KANSAS: ITS PRESENT AND ITS FUTURE.

Kansas was marked out on the desert about a generation ago. The word "aid" appeared on the first page of her history, in connection with the "Emigrant Aid Society." The people of the State have received aid ever since. For a while it came in boxes, during the early battles with grasshoppers and drouths: later it arrived in the shape of loan companies, mortgage companies, trust companies. Growth has been forced in the State. A great commonwealth and it is indeed truly marvelous has been builded on these prairies by the Kansas people with other people's money. The trouble with Kansas is not that she has forgotten what a great community she has established, but that it has been established with other people's money. Hence the popularity of the slogan, "the rights of the user are paramount to the rights of the owner." That, by the way, is no new theory. It is as old as debt; and the proposition has appealed to the man in debt ever since the first borrower. Seldom, however, has the theorem found an entire community in debt, as it found Kansas. The wonder is not that Kansas was won by the guileful paradox,- for weakness is a very human attribute, - but that so many people should have been found in one community, whose condition was such that the philosophy of the dishonest debtor would move them all alike. In other communities there were debtors. They voted just as the Kansas debtor voted. But Kansas is a young State. She has found little time to pay her debts. She has been busily engaged in making them. The difference between Ohio and Kansas, for instance, does not lie in the kinds of men that inhabit each State, but in the fact that Ohio has had fifty years' start of Kansas in increasing the number of creditors, the savers, the men on the right side of the ledger. Ohio had as many gentlemen who voted for the rights of the user as Kansas had. When Kansas thrift has been working and saving as many years as Ohio thrift, Kansas may have as virtuous a point of view as Ohio has to-day.

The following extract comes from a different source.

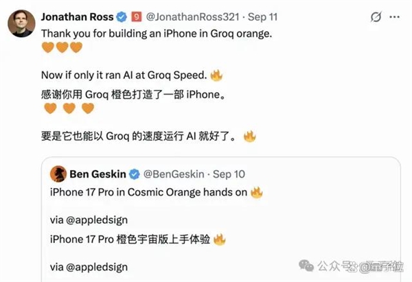 就在最近,CEO乔纳森·罗斯还调侃了一下iPhone的新配色是“Groq橙”。

However, there is neither sense nor charity in palliating

the transgression of the debtor who refuses to pay his debt by pointing out the fact that the offence is common. It may benefit the Kansas Populist to remember that the guillotine was established in France by people who desired a release from the eternal payment of moneys for which they received no return; while the Kansas man - who flaunted the legend "Hang the Plutocrats!" was seeking a release from the payment of money which he had received, which he had enjoyed, and which he had spent. The Kansas man is not unique. A considerable minority of the people of every State in the Union voted with the majority in Kansas. And because that minority is still rather uncomfortably in evidence all through the States it may be worth while to try to get a glimpse of the world from the standpoint of ― to denominate him plainly — the American socialist.

And nowhere else is the American socialist so earnest, so outspoken, and so unhampered by scruples as in Kansas. That is because the Kansas man is an American, with no guilding motive, save his desire to kick. When the American does get off the track, he goes farther than anyone. His good sense, however, always brings him back; but while he is away from the reservation, he is a very bad Indian. There are indications that the ghost-dancing in Kansas is done; yet the State remains an excellent field wherein to study existing conditions of American socialism. For in this State men average men, plain everyday Americans - are living in a social and economic atmosphere rarely to be met with.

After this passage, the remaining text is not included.